Он вскочил, вышел из кабинета, и в своем неведении я почувствовал себя счастливым, сделав доброе дело.

В этот вечер Броницкий проиграл в казино в Довиле миллион.

На следующее утро я был с Лилой, когда граф вернулся домой. Подловский предупредил нас о бедствии часом раньше, добавив: “Он опять будет стреляться!” Лила, которая пила чай с медовыми тартинками, не казалась чересчур взволнованной.

– Отец не мог проиграть такую сумму. Если он ее проиграл, значит, это были не его деньги. Так что он потерял только свои долги. Он должен чувствовать облегчение.

У этих поляков действительно была восхитительная стойкость, позволившая их стране пережить все катастрофы. В то время как я ожидал увидеть Геню Броницкую в сильнейшем истерическом припадке, со звонками врачам и обмороками, в ее лучших театральных традициях, она сошла в столовую в розовом пеньюаре, с пуделем под мышкой, поцеловала дочь в лоб, дружески поздоровалась со мной, приказала подать себе чай и объявила:

– Я спрятала револьвер в мой сейф. Он не должен его найти – он неделю будет на нас дуться. Не знаю, занял ли он эти деньги у Потоцких, Сапег или Радзивиллов, но, в конце концов, долг в игре – долг чести, они должны это понимать; кто бы его ни платил, главное, чтобы польская аристократия оставалась верной своим традициям.

Тад, зевая, спустился по лестнице, в халате, с газетой в руке.

– Что происходит? У мамы такой спокойный вид, что я опасаюсь худшего.

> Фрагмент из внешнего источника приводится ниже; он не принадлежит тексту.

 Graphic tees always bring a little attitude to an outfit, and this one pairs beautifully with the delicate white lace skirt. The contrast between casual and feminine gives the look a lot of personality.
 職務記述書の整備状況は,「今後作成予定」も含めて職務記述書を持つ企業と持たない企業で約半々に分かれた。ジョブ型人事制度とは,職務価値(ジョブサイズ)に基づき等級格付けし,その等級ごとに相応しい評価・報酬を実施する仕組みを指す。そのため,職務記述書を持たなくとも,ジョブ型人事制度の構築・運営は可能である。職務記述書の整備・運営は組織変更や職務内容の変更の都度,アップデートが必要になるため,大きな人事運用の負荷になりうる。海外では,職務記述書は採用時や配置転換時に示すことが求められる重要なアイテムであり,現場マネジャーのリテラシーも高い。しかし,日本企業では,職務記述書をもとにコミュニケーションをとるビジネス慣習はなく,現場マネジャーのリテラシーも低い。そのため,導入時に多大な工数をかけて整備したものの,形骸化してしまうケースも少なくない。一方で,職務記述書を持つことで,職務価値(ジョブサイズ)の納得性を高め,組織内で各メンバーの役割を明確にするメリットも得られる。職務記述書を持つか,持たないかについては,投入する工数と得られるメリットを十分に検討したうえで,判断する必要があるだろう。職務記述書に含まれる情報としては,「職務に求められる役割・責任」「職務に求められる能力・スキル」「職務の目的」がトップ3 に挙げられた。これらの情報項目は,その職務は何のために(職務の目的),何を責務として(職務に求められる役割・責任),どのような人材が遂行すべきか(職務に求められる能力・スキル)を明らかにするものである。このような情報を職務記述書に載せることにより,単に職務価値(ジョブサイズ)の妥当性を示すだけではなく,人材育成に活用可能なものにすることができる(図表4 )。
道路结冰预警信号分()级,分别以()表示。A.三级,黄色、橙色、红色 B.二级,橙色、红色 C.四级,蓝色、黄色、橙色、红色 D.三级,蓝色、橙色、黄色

– Отец опять разорился, – сказала Лила.

– Это означает, что он опять кого‐то разорил.

– Сегодня ночью он проиграл в Довиле миллион.

– Видно, подгреб все остатки, – проворчал Тад.

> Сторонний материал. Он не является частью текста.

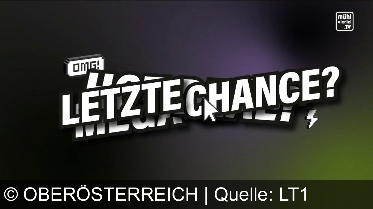Ein schwarzer Hintergrund mit einem großen weißen Schriftzug "LETZTE CHANCE?" in der Mitte. Links oben steht klein "OMG!". Oben rechts ist das Logo von "mühlviertel TV". Ein weißer Mauszeiger zeigt auf den Buchstaben "C".
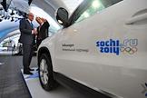 Руководитель Организационного комитет по проведению зимних Олимпийских игр "Сочи 2014" Дмитрий Чернышенко (в центре) и генеральный директор компании Volkswagen Group Rus Маркус Озегович (справа) во время старта роуд-шоу SochiDrive, совместного проекта концерна Volkswagen и Оргкомитета "Сочи 2014". Старт роуд-шоу состоялся на Воробьевых горах.
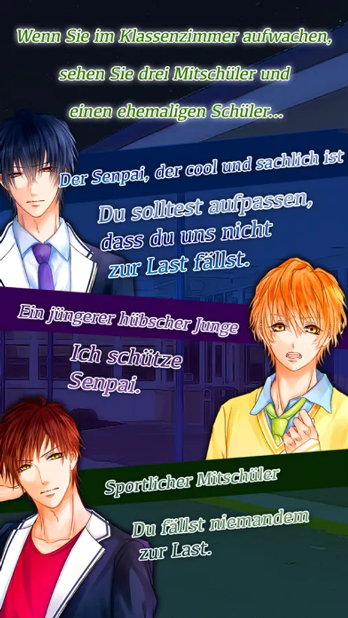 Wenn Sie im Klassenzimmer aufwachen, sehen Sie drei Mitschüler und einen ehemaligen Schüler...
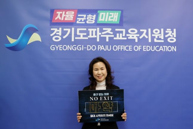 미디어라이프 중부신문 정호복 기자 | 파주교육지원청 최은미 교육장은 14일 마약 범죄 예방‘NO EXIT’ 릴레이 챌린지에 동참했다.
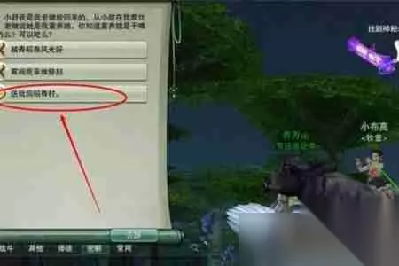4、与NPC小布高对话后选择“送我回稻香村”即可。
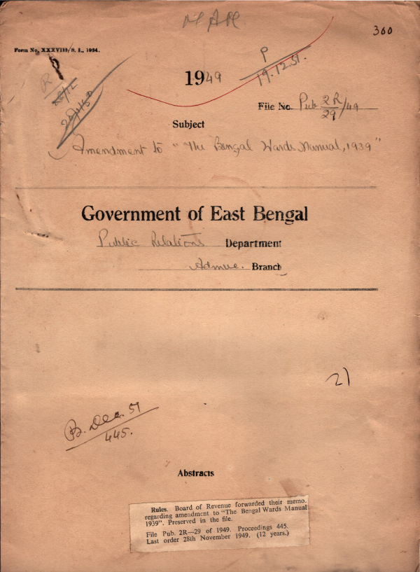 Board of Revenue forwarded their memo regarding amendment to the Bengal wards Manual 1939, Preserved in the file.
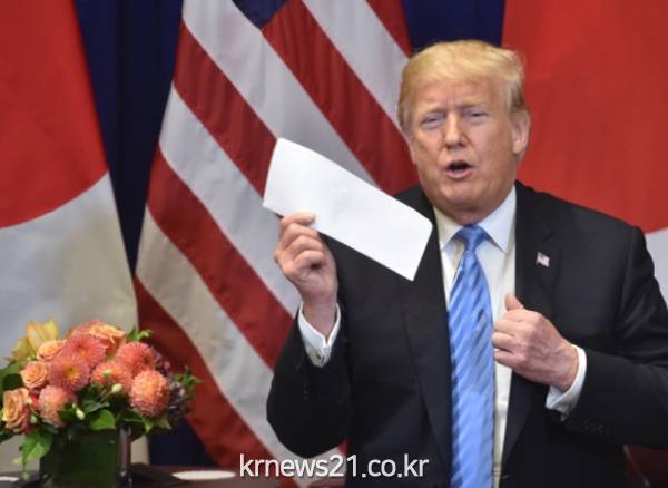 트럼프 대통령은 아베 총리의 면전에서 김정은 북한 국무위원장이 보낸 친서를 직접 꺼내들어 보이기도 했다.
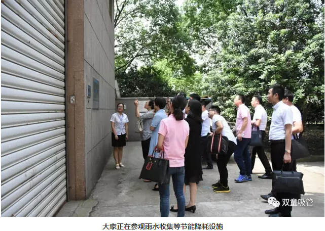 首先,吸管妞帶大家參觀起了“雙童”的節(jié)能降耗措施,參觀了雨水收集處、垃圾分類(lèi)站等地,和大家講解了“雙童”的廢水循環(huán)利用以及雨水收集系統(tǒng)和原理。老師和同學(xué)們對(duì)“雙童”這種生態(tài)循環(huán)、節(jié)約資源的做法十分認(rèn)可,更對(duì)樓總多年前能有這樣的環(huán)保理念十分敬佩!
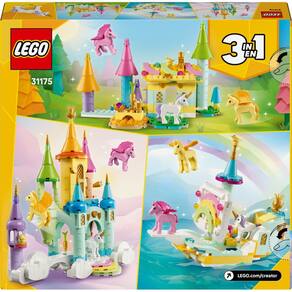 Viva aventuras em um mundo mágico de fantasia com este conjunto LEGO Creator 3em1 Castelo de Unicórnios (31175) O castelo com seis torres inclui uma casa de pássaro com um pássaro, uma escada de arco-íris, uma fonte, uma sala de diamantes, um telescópio e uma cenoura dourada Ele também inclui um unicórnio, um Pégaso rosa, um Pégaso rosa e um unicórnio branco que as crianças usam para criar histórias incríveis Meninas e meninos ganham três opções de conjuntos LEGO para construir com as mesmas peças: um castelo; um navio unicórnio com uma vela de arco-íris; ou um playground com uma cabana na floresta, jardim e mesa de piquenique
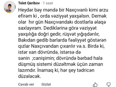 H.Oğuz yazır: "Naxçıvanın yeni hökumətini tərifləyənlərin arqumentlərini dinlədikcə yerimdə donub qalıram. Hər kəs yeni xüsusi nümayəndənin əxlaqsızlıq yuvalarını bağlamasından və "canişin"in Naxçıvana gətirdiyi qədim peşə sahiblərini təyyarəyə doldurub gəldikləri yerə göndərdiyindən danışır.
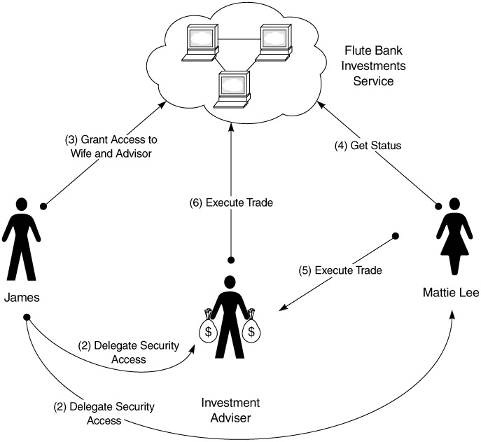 James and his wife, Mattie, do all their financial services transactions through Flute Bank. They also take advantage of the Flute Bank Investments Web service that allows them to perform portfolio management activities as well as interact with their investment adviser. Currently, James is the only account that can access this service.

Горничная только что принесла горячие рогалики, когда появился Стас Броницкий. У него был дикий вид. Безукоризненный мистер Джонс нес за ним пальто, а у выбритого до синевы Подловского, человека на все руки, челюсти и подбородок казались вдвое больше обычного.

Броницкий молча осмотрел нас всех:

– Может кто‐нибудь здесь одолжить мне сто тысяч франков?

Его взгляд остановился на мне. Тад и Лила разразились смехом. Даже славный Бруно с трудом скрыл свою веселость.

– Сядьте, друг мой, и выпейте чашку чаю, – сказала Геня.

– Ну хорошо, десять тысяч?

– Стас, прошу вас, – сказала графиня.

– Пять тысяч! – завопил Броницкий.

– Мари, подогрейте нам еще чаю и рогаликов, – сказала Геня.

– Тысячу франков, черт подери! – проорал в отчаянии Броницкий.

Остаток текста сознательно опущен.